How many ways can a deck of cards be arranged? It is very easy to calculate the answer, but very difficult to grasp its significance.

Card-Arc

There are 52 cards. Thus, the first one may be chosen in 52 ways. The next one can be any of the remaining 51 cards. For the third, there are 50 choices, and so on until just one card remains, leaving only the option to put it last.

Therefore, the total number of possibilities is

52! \equiv 52 \times 51 \times 50 \times \dots \times 3 \times 2 \times 1 \,.

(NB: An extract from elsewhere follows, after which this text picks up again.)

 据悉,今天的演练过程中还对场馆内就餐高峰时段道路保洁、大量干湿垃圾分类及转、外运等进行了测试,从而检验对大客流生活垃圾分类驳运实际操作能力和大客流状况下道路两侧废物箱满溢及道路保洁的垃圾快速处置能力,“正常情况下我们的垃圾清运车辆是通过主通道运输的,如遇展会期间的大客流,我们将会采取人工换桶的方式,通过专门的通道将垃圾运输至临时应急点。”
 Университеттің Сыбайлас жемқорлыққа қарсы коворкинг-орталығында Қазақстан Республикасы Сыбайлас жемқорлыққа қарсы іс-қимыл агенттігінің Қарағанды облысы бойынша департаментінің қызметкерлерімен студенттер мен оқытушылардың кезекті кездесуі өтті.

This number is called factorial 52. To say that it is a large number is an understatement. The program Mathematica can compute to arbitrary precision and entering the command Factorial[52] yields the following result:

80658175170943878571660636856403766975289505440883277824000000000000

In more compressed notation, this is 8.06582\times 10^{67} , or, to just a single figure of accuracy, {10^{68}}; that is, 1 followed by 68 zeros.

Describing 52!

It is difficult to illustrate the size of {52!} in terms of anything practical. People have talked about the number of drops in the ocean or how many grains of sand would fill the Grand Canyon. These numbers come nowhere close to {52!}.

The number of atoms in the observable universe is estimated to be about {10^{80}}, which is a trillion times bigger than {52!}. But does this really help us to visualise what either of these numbers is like? The Wikipedia article on Names of Large Numbers describes {10^{66}} as an unvigintillion. Thus, {52! \approx 8\times 10^{67}} is about eighty unvigintillion. But this is just a name.

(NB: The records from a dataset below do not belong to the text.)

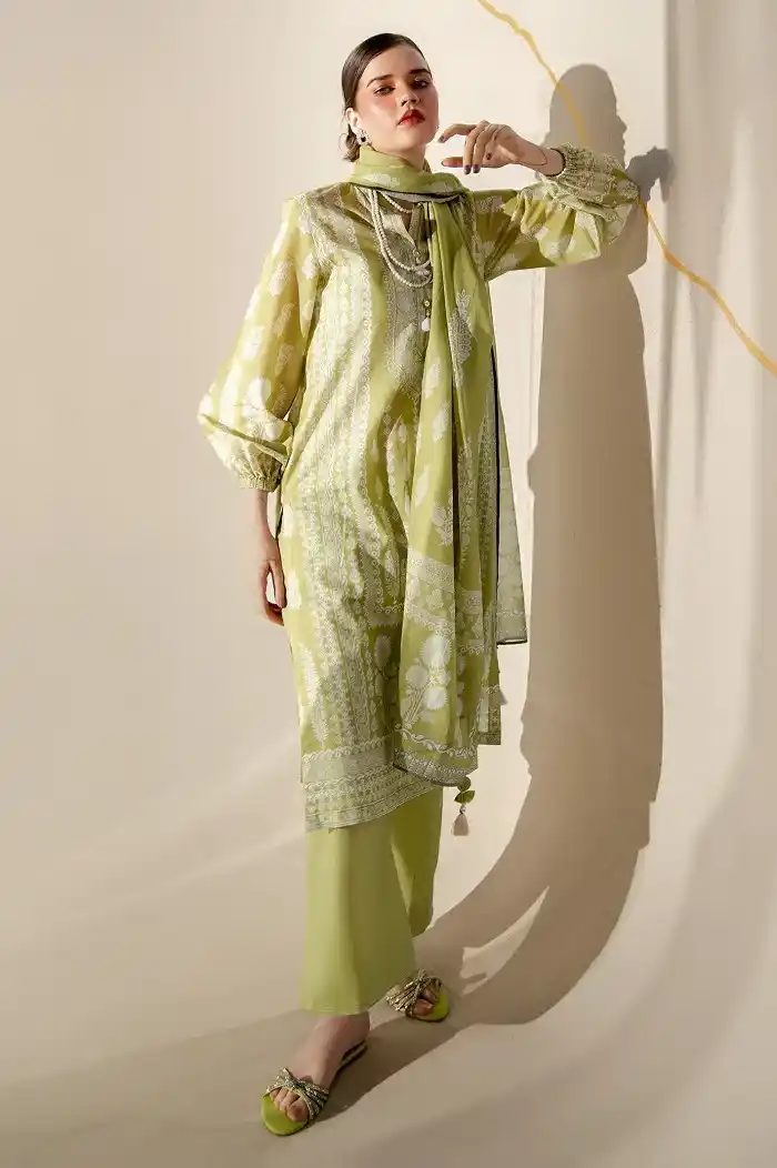 Olive printed 3 pc unstitched suit Rs:3,990 Rs:3,290.
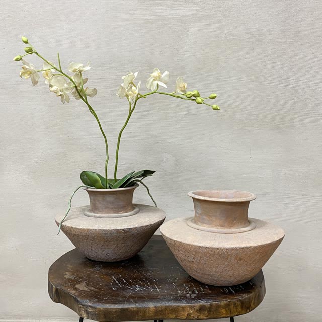 Paar antieke potten, gemaakt aan het einde van de periode van de Strijdende Staten en het begin van de Han-dynastie (rond 220 voor Christus). Kort met brede, platte schouders en grote buik. Ongeglazuurd, met een roodachtige tint en prachtige ingedrukte patronen rond het lichaam.
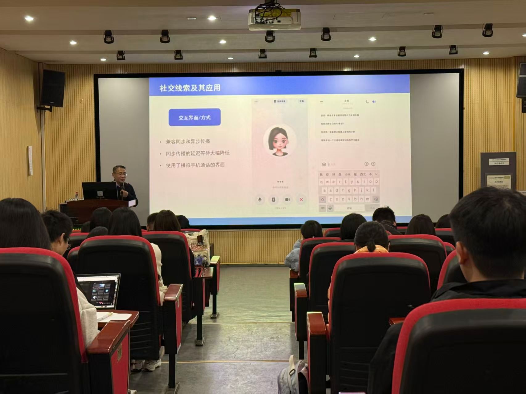 马锋教授聚焦于人机传播研究前沿,结合自身在该领域的深厚积累,作了题为“计算机作为社会行动者”的学术分享。他从“你会对AI说谢谢吗”这一生活化问题切入,系统梳理了从“人机交互”“计算机中介传播”到“人机传播”的范式演进,深入阐释了“计算机作为社会行动者”(CASA)理论的核心内涵与现实表现,并结合教育机器人、语音助手等案例,解析了人类如何在社会互动中赋予机器以“主体性”。整场报告逻辑清晰、层层递进,拓宽了师生对智能技术与社会行为关系的认知视野。

The Universe is  4\times 10^{17} seconds old. If a random arrangement of cards were chosen each second during the entire life of the Universe, only a tiny fraction of all possible orderings would be selected. The chance of the same ordering being chosen twice is utterly negligible. Even if a billion arrangements were chosen every second, there would still be no real chance of a duplicate.

For an amusing description of the astounding magnitude of {52!}, see http://czep.net/weblog/52cards.html

Stirling’s Approximation

The calculation of the number {52} is simple. Just multiply 52 by 51, the result by 50 and so on until you reach 1. But how tedious this is, and how error-prone!

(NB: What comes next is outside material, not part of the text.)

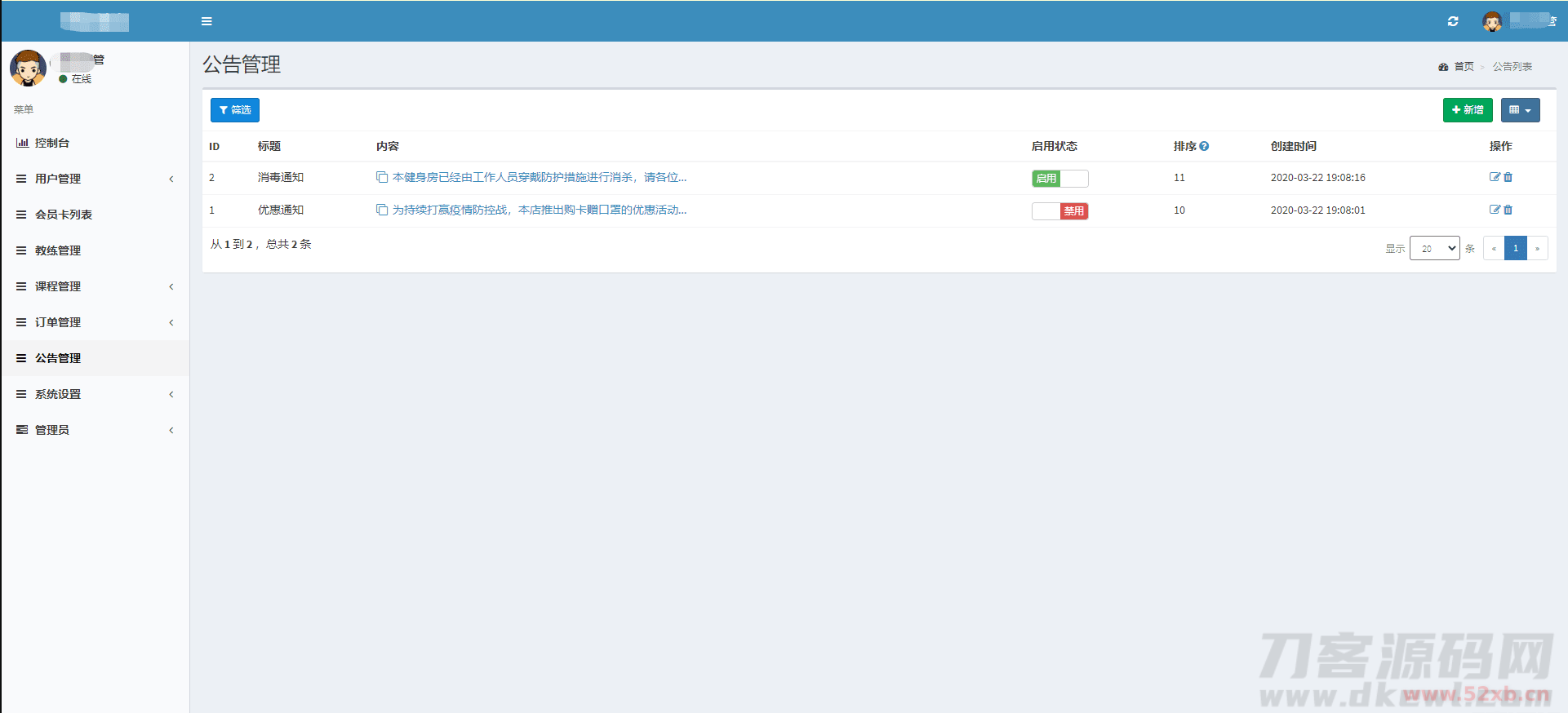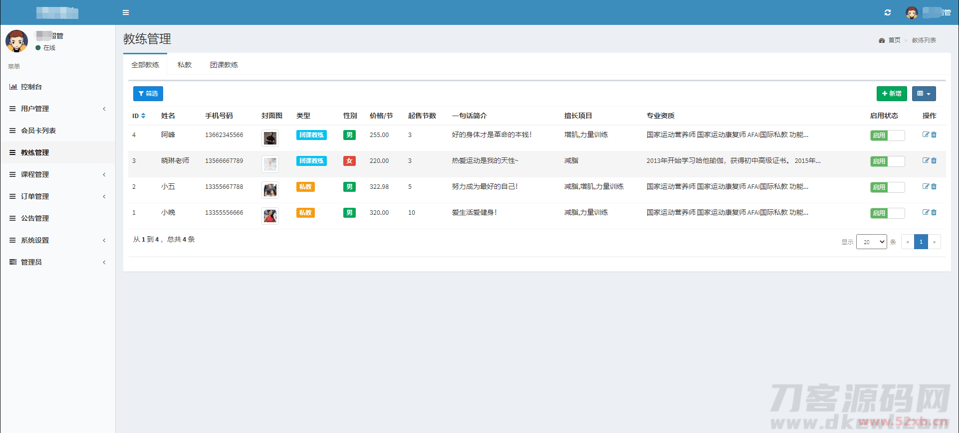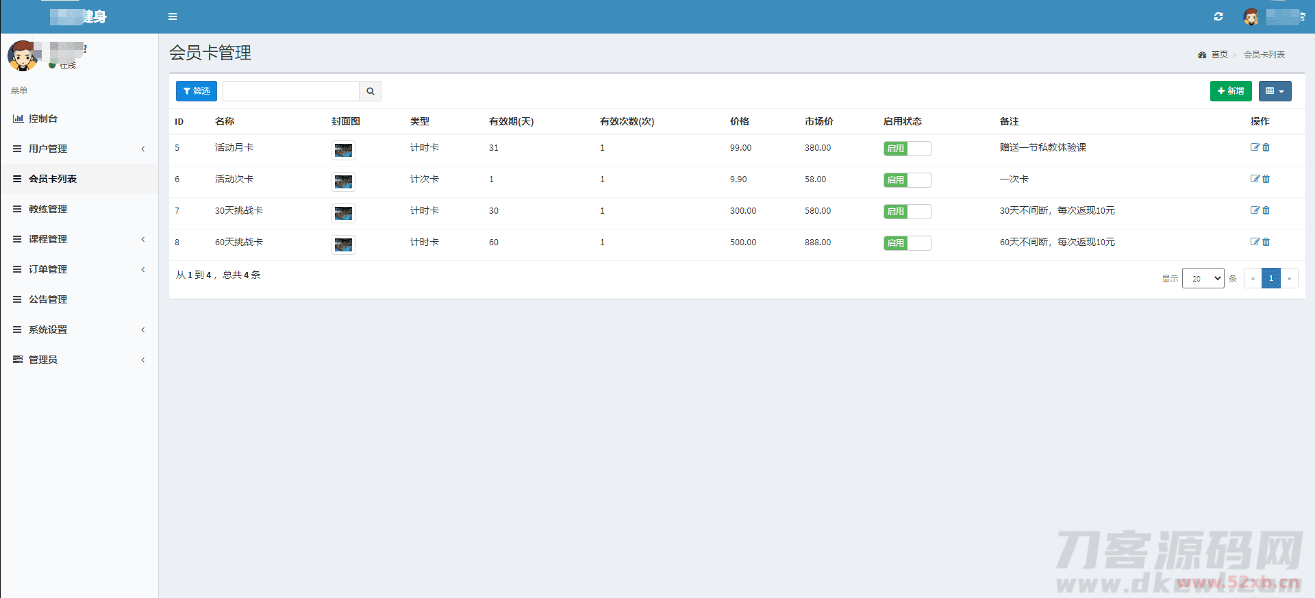 健身类小程序前后端源码

There is a beautiful expression giving an approximation to any factorial, named for James Stirling (1692–1770), a Scottish mathematician (although it seems that the result was stated earlier by Abraham de Moivre). The approximation is

n! \approx S_1(n) \equiv \sqrt{2\pi n}\left(\frac{n}{e}\right)^n

This is actually the first term in an asymptotic expansion. Taking the next term we have

n! \approx S_2(n) \equiv \sqrt{2\pi n}\left(\frac{n}{e}\right)^n\left(1+\frac{1}{12n}\right)

Plugging in the argument {n = 52}, the first formula gives {S_1(52) = 8.0529\times 10^{67}} which is correct to 2 decimal places. The second formula gives {S_2(52) = 8.06581\times 10^{67}}, with relative error of only one part in a million.

Another approximation was found among the papers of the Indian mathematician Srinivasa Ramanujan and published in his Lost Notebook in 1988:

\ln(n!)\approx n\ln(n)-n+{\frac{1}{6}}\ln(n(1+4n(1+2n)))+{\frac {1}{2}}\ln(\pi ).

This gives {52!} to one part in a billion.

Shuffling and Repeated Orders

With such a vast number of possibilities, one might ask if any randomly-chosen order of a deck of cards occurs more than once. Making very reasonable assumptions, it is easy to argue that a particular ordering will never occur twice during the life of the Universe. Thus, when you thoroughly mix up the cards, you are bound to arrive at an ordering that has never been seen before and will never be seen again.

However, there is a big proviso here. The shuffling of the cards must be sufficiently thorough to ensure true randomization. Mathematical studies have indicated that a small number of effective shuffles suffice to mix up the pack to random order. Bayer and Diaconis (1992) showed that after seven random riffle shuffles, any of the 52! possible configurations is equally probable.

Sources

• Bayer, Dave and Persi Diaconis, 1992: Trailing the dovetail shuffle to its lair. Ann. Appl. Prob., 2, 2, 294-313.

• Wikipedia article on Names of Large Numbers.